Forestry and Vegetation Analysis
Measuring millions of trees by hand is impossible. DSMs make it practical. By calculating the difference between the DSM (which records the treetop canopy) and the DTM (which records the ground beneath), researchers produce what’s called a canopy height model. Every pixel in this derived product represents the height of the vegetation at that spot. Forest managers use canopy height models to estimate timber volume, monitor growth rates, track the spread of disease or pest damage, and assess wildfire fuel loads.

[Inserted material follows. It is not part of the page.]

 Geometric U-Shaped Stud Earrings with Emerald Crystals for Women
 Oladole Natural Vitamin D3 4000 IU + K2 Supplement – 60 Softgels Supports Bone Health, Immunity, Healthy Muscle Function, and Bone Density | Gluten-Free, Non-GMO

The same principle applies to agriculture. Comparing DSM-derived crop heights over time reveals growth patterns, identifies areas of stress where plants are shorter than expected, and helps optimize irrigation and fertilizer application.
Where to Find DSM Data
Many countries make DSM data freely available through government agencies. In the United States, the USGS 3D Elevation Program distributes LiDAR-derived surface and terrain models for much of the country. The National Ecological Observatory Network (NEON) provides high-resolution DSM, DTM, and canopy height data for ecological research sites. For global coverage, the Copernicus programme offers a 30-meter resolution DSM derived from satellite radar data, and several commercial providers sell sub-meter products for areas where public data isn’t detailed enough.
Before downloading, check what you’re actually getting. Some providers label bare-earth data as a “digital elevation model” when it’s technically a terrain product with surface features removed. Others bundle DSM and DTM together. Knowing the distinction helps you grab the right dataset for your project without wasting time processing data you don’t need.